Wednesday, February 22, 2012

La Coquille et le Clergyman - 1928

Country: France
Director: Germaine Dulac
Writer: Antonin Artaud, Germaine Dulac (uncredited)
Stars: Alex Allin, Genica Athanasiou and Lucien Bataille
Also known as: A kagyló és a lelkész (Hungary), El clérigo y la caracola (Argentina),
Muszelka i pastor (Poland), The Seashell and the Clergyman (International - English title)
Filming Locations: Paris, France
Production Co: Délia Film
Sound Mix: Silent
Color: Black and White
The British Board of Film Censors banned this film in the UK in 1927, saying, "This film is so obscure as to have no apparent meaning. If there is a meaning, it is doubtless objectionable."

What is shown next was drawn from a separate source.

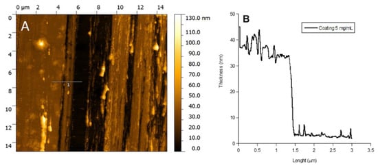 In Figure 4, the Atomic Force Microscopy (AFM) image and the thickness profile of the P388 catheter coating obtained at 5 mg/mL P388 concentration are reported. The black path present in the image is the one done by scratching the surface with a needle. As it can be observed, the coating is homogeneous and with a thickness of ca. 35 nm (Figure 4B).
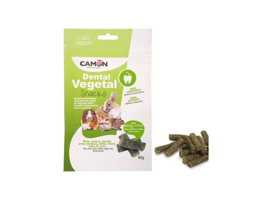 Camon Dental Vegetal Snacks - dentálna pochúťka v tvare tyčinky je špeciálna doplnková strava pre všetky hlodavce určená na hryzanie. Tvrdá textúra tohto snacku zabezpečí dentálnu hygienu pre Vášho hlodavca. S prídavkom byliniek a jablka.Dodatočné parametre

At the film's premier, writer Antonin Artaud, who was obviously not pleased by what director Germaine Dulac did to his screenplay, shouted at the screen, calling her a cow.
Plot Keywords: Lust | Nudity | Surrealism | Seashell | Obsession  |  Female Nudity | Controversy | Avant Garde | Priest
Genres: Short
Obsessed with a general's woman, a clergyman has strange visions of death and lust, struggling against his own eroticism.

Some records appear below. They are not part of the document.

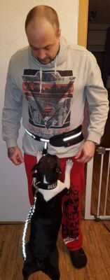 * mit Handschlaufe, so auch zum normalen Führen des Hundes geeignet
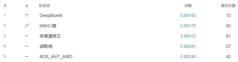 评价方式采用 F-1 分值,在最终榜单上我们 f1 达到了 0.89538 与第一名仅相差0.00002。
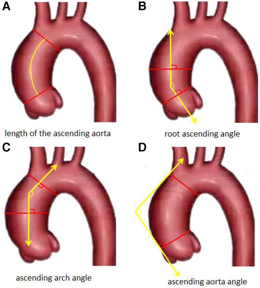 The ascending aortic angle is defined as the angle between the vertical line of the ascending aorta's junction plane and the vertical line of the aortic transverse plane at the level of the brachiocephalic artery. The root ascending angle (root-asc angle) is determined by the angle between the vertical line of the sinotubular junction plane and the vertical line of the aortic cross-section at the midpoint of the main pulmonary artery. Similarly, the asc-arch angle is defined as the angle between the vertical line of the aortic cross-section at the level of the brachiocephalic artery and the vertical line of the aortic cross-section at the midpoint of the main pulmonary artery. Aortic related angles refer to measurement methods in previous studies (14), as shown in Figures 1, 2. We have decided to use rylski's criteria (17) to infer the morphological indicators of the aorta before the occurrence of ATAAD. After the occurrence of ATAAD, the MAD of the ascending aorta increased by 30%, and the LAA increased by 5%.

The predecessor of Un Chien Andalou and directed by the lone woman filmmaker of her time, La Coquille et le Clergyman is one of the most celebrated of French avant-garde movies of the '20s, partly because Antonin Artaud wrote the script, partly because the British censor of the time banned it with the legendary words 'If this film has a meaning, it is doubtless objectionable'. Artaud was reputedly unhappy with Dulac's realization of his scenario, and it's true that the story's anti-clericalism (a priest develops a lustful passion that plunges him into bizarre fantasies) is somewhat undermined by the director's determined visual lyricism. But the fragmentation of the narrative and the innovative imagery remain provocative, and the film is of course fascinating testimony to the currents of its time.